Where the line containing "邱发胜、唐春林副院长,技校钟" appears below, start there and repeat each line exactly to the end. Leave the pictures out.

## Material provided

══════════════════════════════

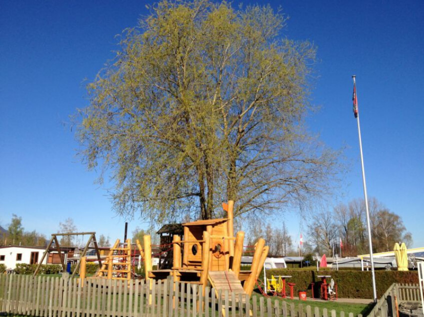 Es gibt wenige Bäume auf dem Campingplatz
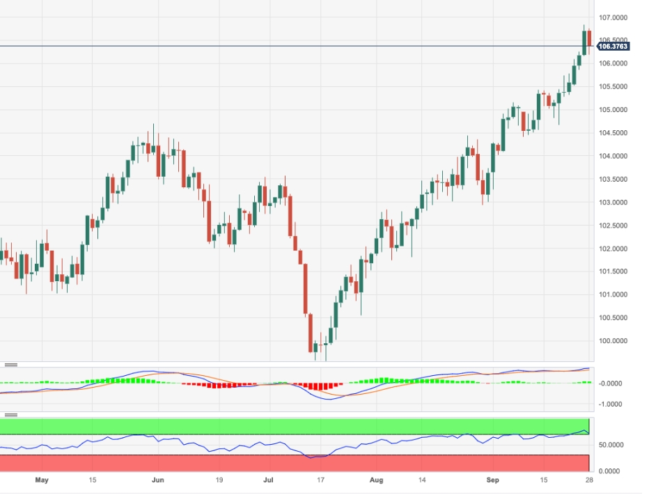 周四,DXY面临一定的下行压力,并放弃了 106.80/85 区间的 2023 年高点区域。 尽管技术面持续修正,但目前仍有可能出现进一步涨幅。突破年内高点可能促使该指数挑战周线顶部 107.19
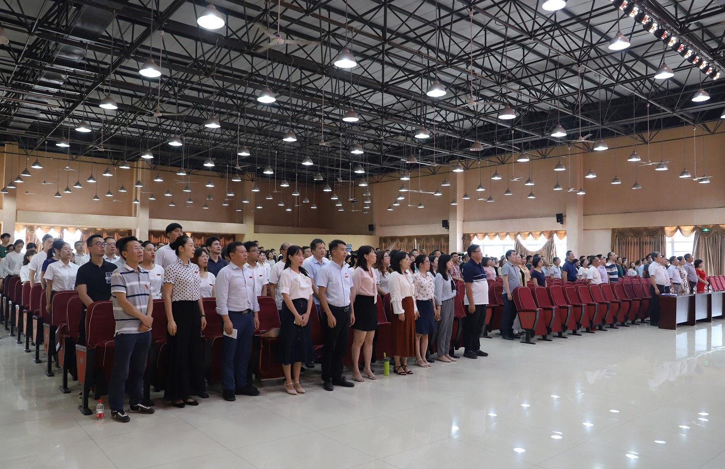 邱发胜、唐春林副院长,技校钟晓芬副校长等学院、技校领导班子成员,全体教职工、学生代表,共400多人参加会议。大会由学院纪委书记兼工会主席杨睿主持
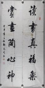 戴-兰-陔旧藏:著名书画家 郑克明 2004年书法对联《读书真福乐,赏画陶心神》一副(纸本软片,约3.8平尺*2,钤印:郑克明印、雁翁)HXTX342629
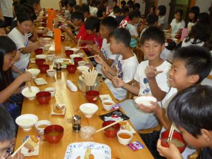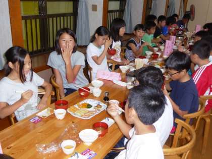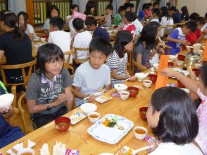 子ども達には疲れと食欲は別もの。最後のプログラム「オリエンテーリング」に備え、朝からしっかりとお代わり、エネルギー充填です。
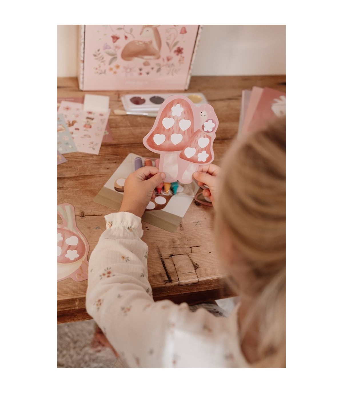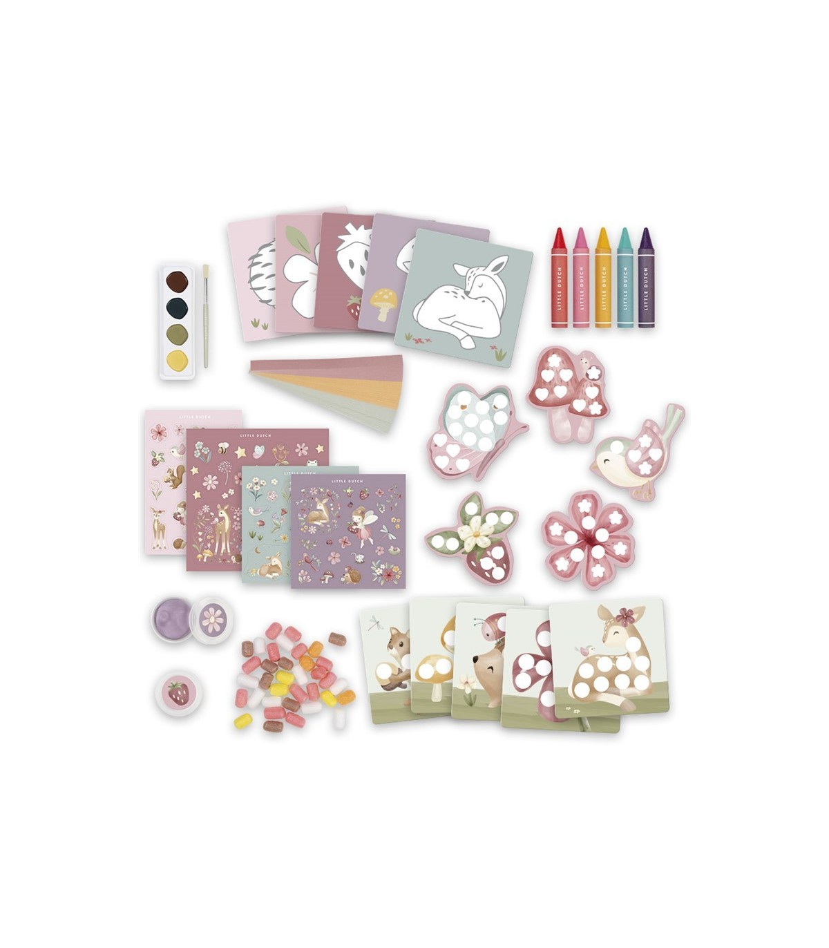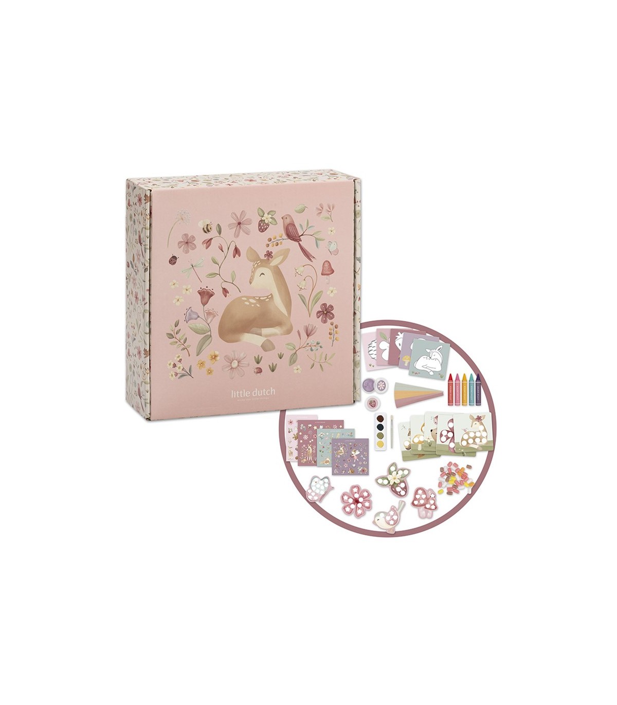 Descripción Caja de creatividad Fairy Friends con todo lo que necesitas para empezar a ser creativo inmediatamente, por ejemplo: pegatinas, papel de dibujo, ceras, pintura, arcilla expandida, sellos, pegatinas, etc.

══════════════════════════════

## Result for this task
 邱发胜、唐春林副院长,技校钟晓芬副校长等学院、技校领导班子成员,全体教职工、学生代表,共400多人参加会议。大会由学院纪委书记兼工会主席杨睿主持
 戴-兰-陔旧藏:著名书画家 郑克明 2004年书法对联《读书真福乐,赏画陶心神》一副(纸本软片,约3.8平尺*2,钤印:郑克明印、雁翁)HXTX342629
 子ども達には疲れと食欲は別もの。最後のプログラム「オリエンテーリング」に備え、朝からしっかりとお代わり、エネルギー充填です。
 Descripción Caja de creatividad Fairy Friends con todo lo que necesitas para empezar a ser creativo inmediatamente, por ejemplo: pegatinas, papel de dibujo, ceras, pintura, arcilla expandida, sellos, pegatinas, etc.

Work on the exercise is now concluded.